8. An intelligent sensing system for the operating status of a ship lift, characterized in that, include: A status symbol generation module is used to set up sensors at each key part of the ship lift as nodes, acquire sensor data at each key part, and map the sensor data into corresponding status symbols. The module for generating change trajectory subgraphs is used to obtain the state symbol of each node at each time within a certain time period, and form a change trajectory subgraph of the state symbol corresponding to each node. The anomaly index calculation module is used to calculate the deviation of the trajectory subgraph of each node from the trajectory template of the corresponding node when the ship lift is running healthily, and to calculate the anomaly index by combining the distance of the state symbol change of the current node between two consecutive time points within the certain time period. The early warning module is used to compare the abnormal index with a preset early warning threshold and take corresponding response strategies according to the comparison results.
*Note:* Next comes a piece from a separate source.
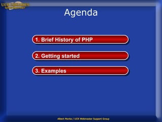 The document provides an introduction and overview of PHP including a brief history, getting started instructions, examples of using PHP for templates and page counters, and additional resources. It discusses how PHP was created in 1994 and evolved through versions 2-5, how to embed PHP code in HTML pages using tags, demonstrates conditional statements and includes, and provides a step-by-step example of implementing a simple page counter using PHP.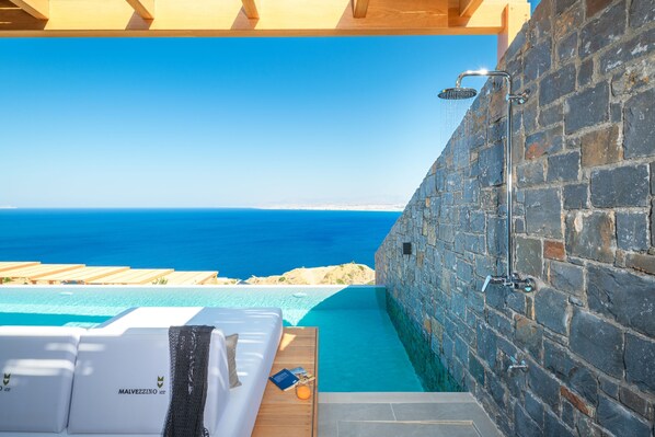 The pool terrace features a private, heated, 35 m2 infinity swimming pool with hydromassage (1,30 m deep) and unobstructed sea vistas, while being equipped with 1 double daybed, outdoor sofa and a hanging chair, as well as an outdoor shower for your comfort. Furthermore, the outdoor dining area under the shade of a pergola is ideal for al fresco dining. Finally, the Villa is fully fenced, offering total privacy and has its own entrance and private parking space inside the Villa premises with a gate. The pool heating system can be used with an additional daily charge for the entire stay and it requires at least one week advance notice.

9. The intelligent sensing system for the operating status of a ship lift as described in claim 8, characterized in that, Acquiring sensor data for each key component includes: performing time synchronization operations on the sensor data through a distributed clock synchronization protocol.
10. The intelligent sensing system for the operating status of a ship lift as described in claim 8, characterized in that, Mapping the sensor data to corresponding state symbols includes: collecting sensor data for each node at fixed time steps; Set a threshold for the change in variables between time steps in the sensor data, divide the change in variables of consecutive time steps according to the threshold, and generate state identifiers.